[Material provided]
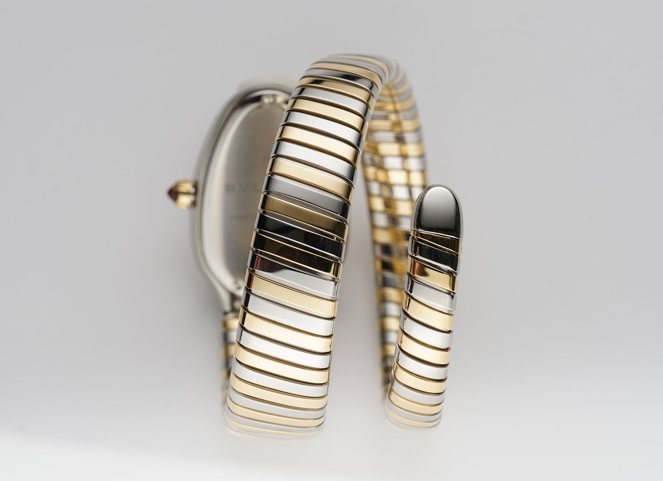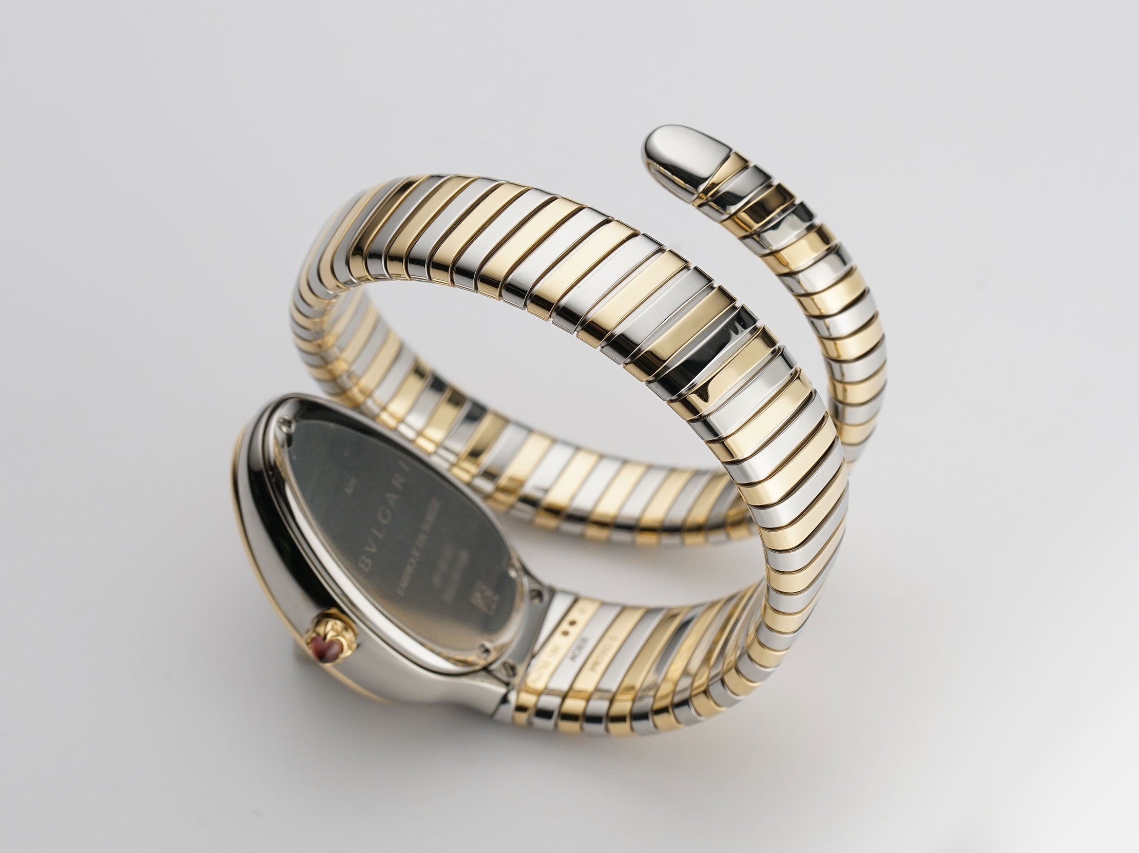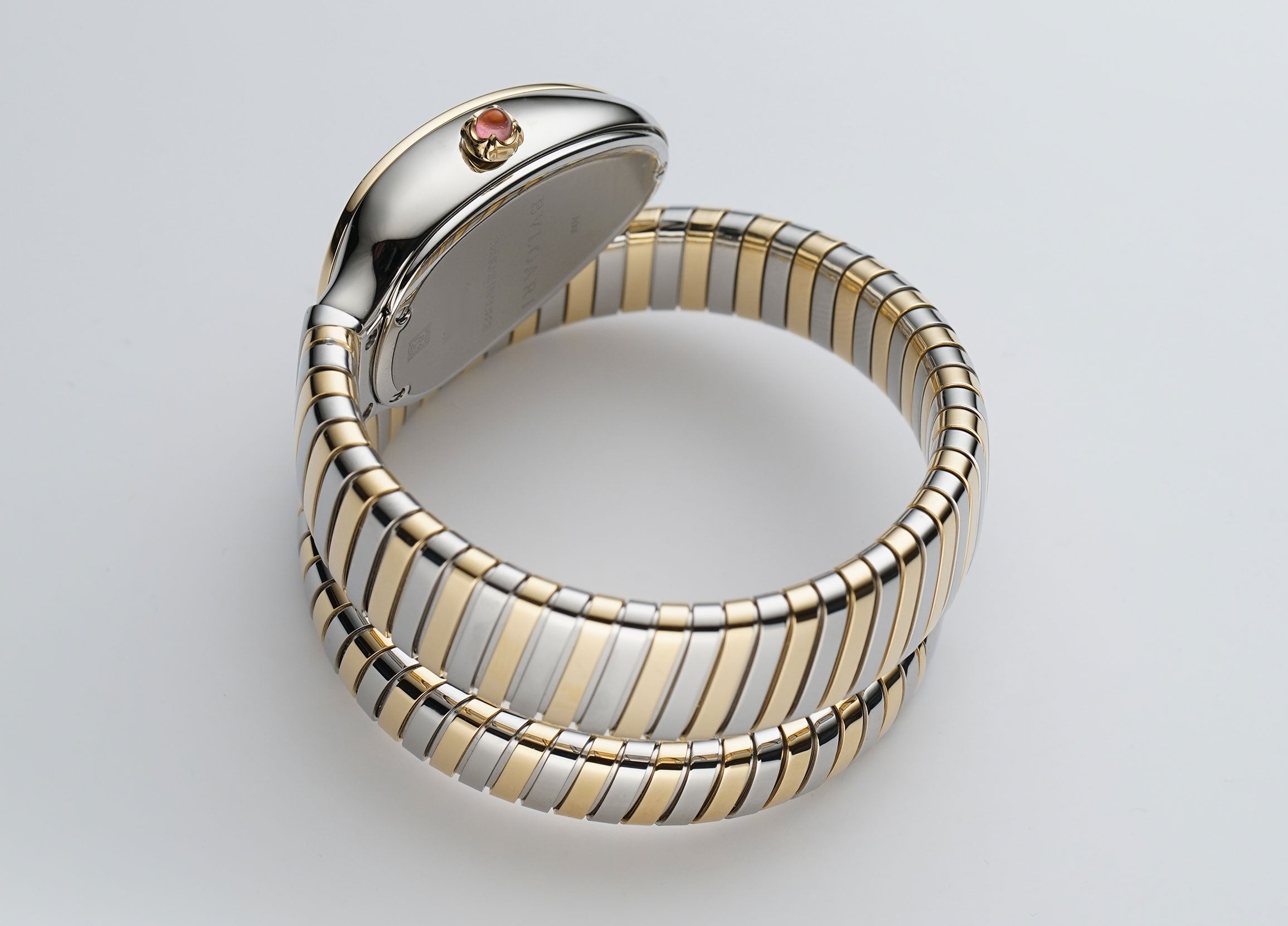 The case is made of a mirror finish stainless steel not including the crown which is of a mirror finish 18k yellow gold with a rubellite cabochon. Mounted atop the case is a mirror finish 18k yellow gold diamond bezel. Paired with the watch is an 18k yellow gold and steel single spiral bracelet.
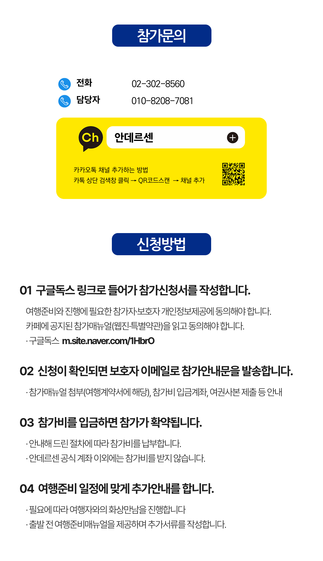 상세한 여행준비를 위해 구글 참가신청서를 작성해주셔야 합니다. 구글독스 참가신청서를 작성하지 않으면 정상적으로 예약이 접수되지 않습니다. 클릭하면 바로 구글 참가신청서로 연결됩니다.
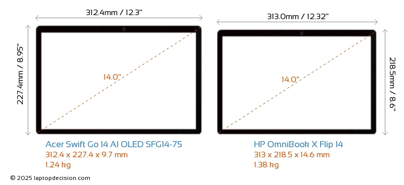 USBBoth Swift Go 14 AI OLED SFG14-75 and OmniBook X Flip 14 feature 2x USB 3.2 USB-A ports.Both Swift Go 14 AI OLED SFG14-75 and OmniBook X Flip 14 feature 2x USB 4.0 USB Type-C ports.
[/Material provided]
Type the lines above out again exactly as they appear, skipping every picture.

Solved problem –
 The case is made of a mirror finish stainless steel not including the crown which is of a mirror finish 18k yellow gold with a rubellite cabochon. Mounted atop the case is a mirror finish 18k yellow gold diamond bezel. Paired with the watch is an 18k yellow gold and steel single spiral bracelet.
 상세한 여행준비를 위해 구글 참가신청서를 작성해주셔야 합니다. 구글독스 참가신청서를 작성하지 않으면 정상적으로 예약이 접수되지 않습니다. 클릭하면 바로 구글 참가신청서로 연결됩니다.
 USBBoth Swift Go 14 AI OLED SFG14-75 and OmniBook X Flip 14 feature 2x USB 3.2 USB-A ports.Both Swift Go 14 AI OLED SFG14-75 and OmniBook X Flip 14 feature 2x USB 4.0 USB Type-C ports.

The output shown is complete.